Here are all the variables I\'m working with:
str(ad.train)
$ Date : Factor w/ 427 levels \"2012-03-24\",\"2012-03-29\",..: 4 7 12 14 19 21 24
From my experience ten minutes ago this situation can happen where there are more than one category but with a lot of NAs. Taking the Kaggle Houseprice Dataset as example, if you loaded data and run a simple regression,
train.df = read.csv('train.csv')
lm1 = lm(SalePrice ~ ., data = train.df)
you will get same error. I also tried testing the number of levels of each factor, but none of them says it has less than 2 levels.
cols = colnames(train.df)
for (col in cols){
if(is.factor(train.df[[col]])){
cat(col, ' has ', length(levels(train.df[[col]])), '\n')
}
}
So after a long time I used summary(train.df) to see details of each col, and removed some, and it finally worked:
train.df = subset(train.df, select=-c(Id, PoolQC,Fence, MiscFeature, Alley, Utilities))
lm1 = lm(SalePrice ~ ., data = train.df)
and removing any one of them the regression fails to run again with same error (which I have tested myself).
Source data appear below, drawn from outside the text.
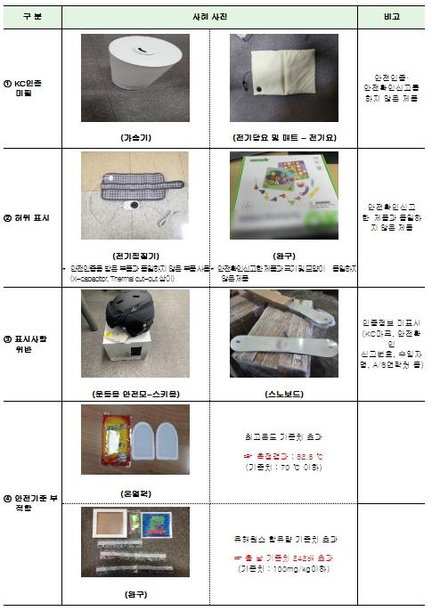 안전기준 위반 유형은, △관련 법령상의 안전 인증 미획득(약 19만 개), △안전 표시사항 허위기재(약 11만 개), △안전 표시기준 불충족(약 2만 개), △기준치 초과 등 국내 안전기준 부적합(약 1만6천 개) 순으로 나타났다.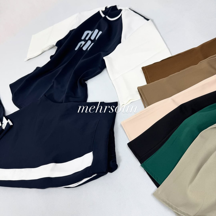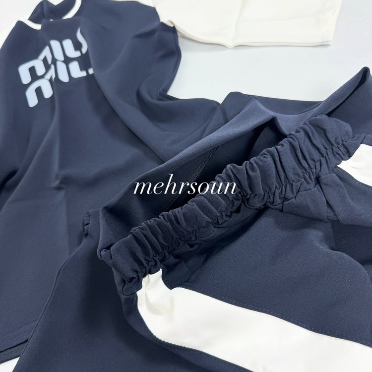 ست مازراتی میو میو با پارچه خوشفرم، نوار سفید کناری و چاپ تمیز؛ مناسب استایل روزمره و باشگاه سبک. رنگهای سرمهای، زیتونی، سفید، سبز تیره، کرمی و قهوهای. سایزبندی استاندارد، راحت و بادوام. با ضمانت مهرسون.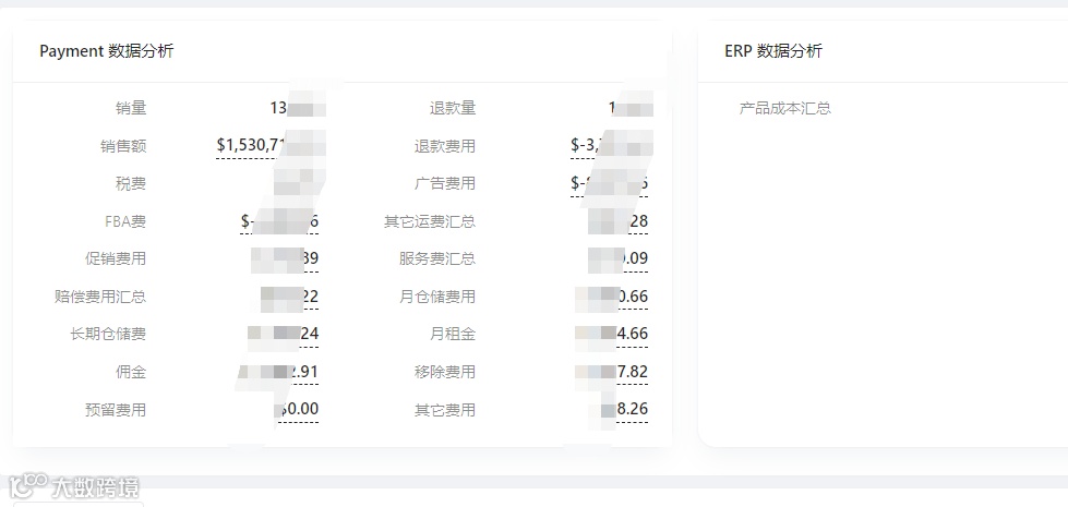 但是这种核算方式一种是人工统计容易出错,另一方面数据看起来比较乱不能一目了然的看到各种费用占比,需要使用公式统计出来。所以目前基本使用ERP帮助店铺分析利润情况。

Another way to debug this error with a lot of NAs is, replace each NA with the most common attributes of the column. Note the following method cannot debug where NA is the mode of the column, which I suggest drop these columns or substutite these columns manually, individually rather than applying a function working on the whole dataset like this:
fill.na.with.mode = function(df){
cols = colnames(df)
for (col in cols){
if(class(df[[col]])=='factor'){
x = summary(df[[col]])
mode = names(x[which.max(x)])
df[[col]][is.na(df[[col]])]=mode
}
else{
df[[col]][is.na(df[[col]])]=0
}
}
return (df)
}
And above attributes generally have 1400+ NAs and 10 useful values, so you might want to remove these garbage attributes, even they have 3 or 4 levels. I guess a function counting how many NAs in each column will help.